The lines from the start of the data through the line with "The Minia elm" are to be returned verbatim; all later lines are to be omitted.

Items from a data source
◆ ◆ ◆ ◆ ◆

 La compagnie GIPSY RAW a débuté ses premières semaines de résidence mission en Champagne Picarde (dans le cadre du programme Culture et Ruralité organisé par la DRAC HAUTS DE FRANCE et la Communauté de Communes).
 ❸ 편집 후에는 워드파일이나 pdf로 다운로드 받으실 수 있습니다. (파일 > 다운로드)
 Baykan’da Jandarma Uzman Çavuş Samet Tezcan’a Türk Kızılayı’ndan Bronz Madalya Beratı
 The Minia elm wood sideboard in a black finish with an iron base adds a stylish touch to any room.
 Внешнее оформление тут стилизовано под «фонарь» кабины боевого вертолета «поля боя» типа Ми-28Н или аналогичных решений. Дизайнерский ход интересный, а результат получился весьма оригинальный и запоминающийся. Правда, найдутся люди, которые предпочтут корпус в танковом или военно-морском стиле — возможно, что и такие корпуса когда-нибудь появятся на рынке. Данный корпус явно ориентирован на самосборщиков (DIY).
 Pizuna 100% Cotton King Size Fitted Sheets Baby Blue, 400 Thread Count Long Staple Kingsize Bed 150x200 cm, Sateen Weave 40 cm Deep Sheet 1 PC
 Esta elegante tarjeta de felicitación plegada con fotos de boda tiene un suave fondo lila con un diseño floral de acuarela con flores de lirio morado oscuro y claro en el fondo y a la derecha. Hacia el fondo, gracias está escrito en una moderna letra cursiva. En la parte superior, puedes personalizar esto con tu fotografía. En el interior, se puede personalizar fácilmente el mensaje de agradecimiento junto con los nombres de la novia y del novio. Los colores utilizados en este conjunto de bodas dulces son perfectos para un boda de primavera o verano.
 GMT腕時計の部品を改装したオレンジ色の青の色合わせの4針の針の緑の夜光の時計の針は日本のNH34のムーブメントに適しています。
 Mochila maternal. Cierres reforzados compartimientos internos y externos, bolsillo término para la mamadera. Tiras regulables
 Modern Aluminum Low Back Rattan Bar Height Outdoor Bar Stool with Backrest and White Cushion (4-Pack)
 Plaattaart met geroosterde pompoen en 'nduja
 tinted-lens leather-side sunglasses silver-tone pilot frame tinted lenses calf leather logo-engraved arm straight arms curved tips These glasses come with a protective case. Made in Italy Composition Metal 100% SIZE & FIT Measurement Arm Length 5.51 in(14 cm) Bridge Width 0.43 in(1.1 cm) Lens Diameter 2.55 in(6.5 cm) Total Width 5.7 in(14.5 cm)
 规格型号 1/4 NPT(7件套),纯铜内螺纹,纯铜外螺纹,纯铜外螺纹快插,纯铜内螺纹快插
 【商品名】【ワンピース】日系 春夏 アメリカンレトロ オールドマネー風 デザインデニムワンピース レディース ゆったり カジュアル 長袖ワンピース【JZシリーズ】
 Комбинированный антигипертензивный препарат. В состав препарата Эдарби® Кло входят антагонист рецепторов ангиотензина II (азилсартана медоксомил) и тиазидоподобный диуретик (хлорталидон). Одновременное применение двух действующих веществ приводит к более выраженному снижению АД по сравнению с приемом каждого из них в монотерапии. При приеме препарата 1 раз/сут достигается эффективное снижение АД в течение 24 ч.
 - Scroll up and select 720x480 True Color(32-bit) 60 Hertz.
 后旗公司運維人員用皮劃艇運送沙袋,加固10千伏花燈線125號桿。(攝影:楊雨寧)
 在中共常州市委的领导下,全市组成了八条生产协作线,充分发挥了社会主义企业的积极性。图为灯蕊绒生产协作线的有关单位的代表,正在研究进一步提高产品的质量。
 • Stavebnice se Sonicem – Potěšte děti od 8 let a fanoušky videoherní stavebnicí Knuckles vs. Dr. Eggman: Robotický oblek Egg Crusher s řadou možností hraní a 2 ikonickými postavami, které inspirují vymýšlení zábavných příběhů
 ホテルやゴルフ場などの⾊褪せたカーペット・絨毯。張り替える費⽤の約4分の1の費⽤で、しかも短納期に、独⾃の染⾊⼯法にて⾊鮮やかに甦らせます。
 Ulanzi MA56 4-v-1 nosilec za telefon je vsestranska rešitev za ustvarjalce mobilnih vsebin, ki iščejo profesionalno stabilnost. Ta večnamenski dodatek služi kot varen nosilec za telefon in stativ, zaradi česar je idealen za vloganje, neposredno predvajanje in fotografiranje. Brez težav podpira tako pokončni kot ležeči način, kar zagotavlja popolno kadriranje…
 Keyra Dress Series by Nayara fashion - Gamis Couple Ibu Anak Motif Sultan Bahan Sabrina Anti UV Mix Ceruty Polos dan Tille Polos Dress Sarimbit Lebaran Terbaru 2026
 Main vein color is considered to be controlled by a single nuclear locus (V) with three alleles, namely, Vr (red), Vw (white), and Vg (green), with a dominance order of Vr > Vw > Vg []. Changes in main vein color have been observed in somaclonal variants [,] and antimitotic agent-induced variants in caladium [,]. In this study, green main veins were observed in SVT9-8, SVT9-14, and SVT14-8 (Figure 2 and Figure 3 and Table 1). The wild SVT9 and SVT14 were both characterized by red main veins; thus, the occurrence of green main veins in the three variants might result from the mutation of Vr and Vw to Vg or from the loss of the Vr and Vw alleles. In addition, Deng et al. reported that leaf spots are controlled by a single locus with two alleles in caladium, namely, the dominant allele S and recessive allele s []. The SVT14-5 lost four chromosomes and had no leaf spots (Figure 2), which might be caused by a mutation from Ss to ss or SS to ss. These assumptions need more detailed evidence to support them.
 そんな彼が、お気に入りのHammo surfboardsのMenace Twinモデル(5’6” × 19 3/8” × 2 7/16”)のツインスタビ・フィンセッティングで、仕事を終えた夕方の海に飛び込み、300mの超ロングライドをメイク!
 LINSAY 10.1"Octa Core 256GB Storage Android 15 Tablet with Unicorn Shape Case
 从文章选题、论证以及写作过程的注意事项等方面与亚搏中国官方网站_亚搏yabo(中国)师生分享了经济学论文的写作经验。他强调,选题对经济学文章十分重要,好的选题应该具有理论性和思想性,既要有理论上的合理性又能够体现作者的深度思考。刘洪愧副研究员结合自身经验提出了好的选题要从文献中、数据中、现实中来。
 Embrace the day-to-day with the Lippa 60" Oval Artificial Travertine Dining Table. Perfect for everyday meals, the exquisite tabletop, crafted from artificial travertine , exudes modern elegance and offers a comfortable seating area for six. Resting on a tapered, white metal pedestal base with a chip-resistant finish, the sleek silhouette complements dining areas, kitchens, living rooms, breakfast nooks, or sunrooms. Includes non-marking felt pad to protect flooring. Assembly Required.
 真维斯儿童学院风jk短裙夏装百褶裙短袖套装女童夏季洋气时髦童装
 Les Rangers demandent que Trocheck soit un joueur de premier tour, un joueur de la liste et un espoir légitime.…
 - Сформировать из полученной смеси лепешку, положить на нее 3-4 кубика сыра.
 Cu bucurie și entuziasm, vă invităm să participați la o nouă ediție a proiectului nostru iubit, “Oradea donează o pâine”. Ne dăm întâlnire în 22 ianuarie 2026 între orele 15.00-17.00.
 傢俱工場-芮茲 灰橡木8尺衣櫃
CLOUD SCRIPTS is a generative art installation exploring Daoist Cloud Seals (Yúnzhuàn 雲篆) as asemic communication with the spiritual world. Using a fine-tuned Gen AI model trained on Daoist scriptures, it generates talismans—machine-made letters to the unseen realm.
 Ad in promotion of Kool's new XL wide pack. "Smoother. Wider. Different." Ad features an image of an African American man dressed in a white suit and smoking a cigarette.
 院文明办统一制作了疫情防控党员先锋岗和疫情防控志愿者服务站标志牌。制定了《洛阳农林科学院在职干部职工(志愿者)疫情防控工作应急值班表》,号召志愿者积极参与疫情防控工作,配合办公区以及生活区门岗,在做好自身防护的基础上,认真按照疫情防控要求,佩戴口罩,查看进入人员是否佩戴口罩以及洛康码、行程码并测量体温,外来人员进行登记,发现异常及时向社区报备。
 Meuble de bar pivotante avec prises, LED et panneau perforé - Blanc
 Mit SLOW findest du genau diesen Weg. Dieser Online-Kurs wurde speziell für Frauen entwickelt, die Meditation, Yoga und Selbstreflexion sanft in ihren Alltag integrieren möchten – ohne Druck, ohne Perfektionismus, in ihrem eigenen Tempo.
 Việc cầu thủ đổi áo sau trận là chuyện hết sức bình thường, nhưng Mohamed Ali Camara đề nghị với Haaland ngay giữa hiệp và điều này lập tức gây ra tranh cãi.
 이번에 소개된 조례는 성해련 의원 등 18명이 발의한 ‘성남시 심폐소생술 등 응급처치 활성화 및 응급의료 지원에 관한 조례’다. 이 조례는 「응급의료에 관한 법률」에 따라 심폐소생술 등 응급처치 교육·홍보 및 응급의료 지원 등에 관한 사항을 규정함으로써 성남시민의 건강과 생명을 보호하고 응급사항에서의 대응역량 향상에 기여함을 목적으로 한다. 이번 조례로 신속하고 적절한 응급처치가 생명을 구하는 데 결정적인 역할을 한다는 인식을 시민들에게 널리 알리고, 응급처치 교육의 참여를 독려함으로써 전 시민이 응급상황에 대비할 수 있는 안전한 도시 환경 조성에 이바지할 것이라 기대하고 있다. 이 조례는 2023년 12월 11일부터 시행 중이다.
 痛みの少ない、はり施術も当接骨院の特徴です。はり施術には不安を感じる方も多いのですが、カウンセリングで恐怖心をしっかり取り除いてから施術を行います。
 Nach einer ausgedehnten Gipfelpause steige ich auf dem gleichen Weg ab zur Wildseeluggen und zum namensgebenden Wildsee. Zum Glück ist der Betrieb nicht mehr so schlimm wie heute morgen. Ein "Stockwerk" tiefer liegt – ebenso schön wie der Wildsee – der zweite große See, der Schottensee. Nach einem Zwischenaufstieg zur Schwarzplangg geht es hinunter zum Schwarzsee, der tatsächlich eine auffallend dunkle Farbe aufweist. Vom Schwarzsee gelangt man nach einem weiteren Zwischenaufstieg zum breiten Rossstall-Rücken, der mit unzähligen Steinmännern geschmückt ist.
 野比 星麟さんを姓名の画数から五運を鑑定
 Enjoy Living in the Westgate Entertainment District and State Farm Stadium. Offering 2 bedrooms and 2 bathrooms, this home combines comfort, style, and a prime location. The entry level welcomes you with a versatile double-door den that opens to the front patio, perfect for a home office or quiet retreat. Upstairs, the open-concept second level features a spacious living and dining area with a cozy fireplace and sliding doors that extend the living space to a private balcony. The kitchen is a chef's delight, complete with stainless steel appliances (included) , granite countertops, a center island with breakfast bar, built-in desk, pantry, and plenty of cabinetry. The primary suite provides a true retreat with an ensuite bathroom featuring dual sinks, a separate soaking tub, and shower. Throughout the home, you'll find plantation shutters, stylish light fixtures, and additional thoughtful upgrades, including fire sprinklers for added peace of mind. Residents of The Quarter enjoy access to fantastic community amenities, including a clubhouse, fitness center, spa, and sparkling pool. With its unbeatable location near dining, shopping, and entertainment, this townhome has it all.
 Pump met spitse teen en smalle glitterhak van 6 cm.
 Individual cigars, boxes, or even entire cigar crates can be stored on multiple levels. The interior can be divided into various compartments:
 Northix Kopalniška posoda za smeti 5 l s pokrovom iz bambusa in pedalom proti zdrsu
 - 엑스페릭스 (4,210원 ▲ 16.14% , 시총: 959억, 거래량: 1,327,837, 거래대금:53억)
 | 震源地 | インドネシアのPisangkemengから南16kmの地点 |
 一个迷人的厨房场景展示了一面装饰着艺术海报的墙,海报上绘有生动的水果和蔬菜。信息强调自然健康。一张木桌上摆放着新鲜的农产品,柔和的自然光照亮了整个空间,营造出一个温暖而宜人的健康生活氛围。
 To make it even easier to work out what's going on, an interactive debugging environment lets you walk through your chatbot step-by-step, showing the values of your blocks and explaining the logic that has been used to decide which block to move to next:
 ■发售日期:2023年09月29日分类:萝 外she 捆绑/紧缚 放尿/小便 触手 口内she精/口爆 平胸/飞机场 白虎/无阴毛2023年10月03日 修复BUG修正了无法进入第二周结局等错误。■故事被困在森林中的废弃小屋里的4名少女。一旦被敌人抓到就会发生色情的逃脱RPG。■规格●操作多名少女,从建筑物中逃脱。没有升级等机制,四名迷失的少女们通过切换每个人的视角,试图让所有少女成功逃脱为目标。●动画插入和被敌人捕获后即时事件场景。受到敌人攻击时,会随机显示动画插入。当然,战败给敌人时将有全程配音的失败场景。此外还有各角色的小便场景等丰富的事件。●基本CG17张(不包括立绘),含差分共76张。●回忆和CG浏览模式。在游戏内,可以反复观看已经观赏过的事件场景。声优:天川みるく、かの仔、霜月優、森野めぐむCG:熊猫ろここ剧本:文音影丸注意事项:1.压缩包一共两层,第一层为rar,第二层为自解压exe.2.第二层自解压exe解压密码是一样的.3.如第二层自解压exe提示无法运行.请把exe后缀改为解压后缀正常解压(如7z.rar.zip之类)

◆ ◆ ◆ ◆ ◆

▸ **RESPONSE AREA**:
 La compagnie GIPSY RAW a débuté ses premières semaines de résidence mission en Champagne Picarde (dans le cadre du programme Culture et Ruralité organisé par la DRAC HAUTS DE FRANCE et la Communauté de Communes).
 ❸ 편집 후에는 워드파일이나 pdf로 다운로드 받으실 수 있습니다. (파일 > 다운로드)
 Baykan’da Jandarma Uzman Çavuş Samet Tezcan’a Türk Kızılayı’ndan Bronz Madalya Beratı
 The Minia elm wood sideboard in a black finish with an iron base adds a stylish touch to any room.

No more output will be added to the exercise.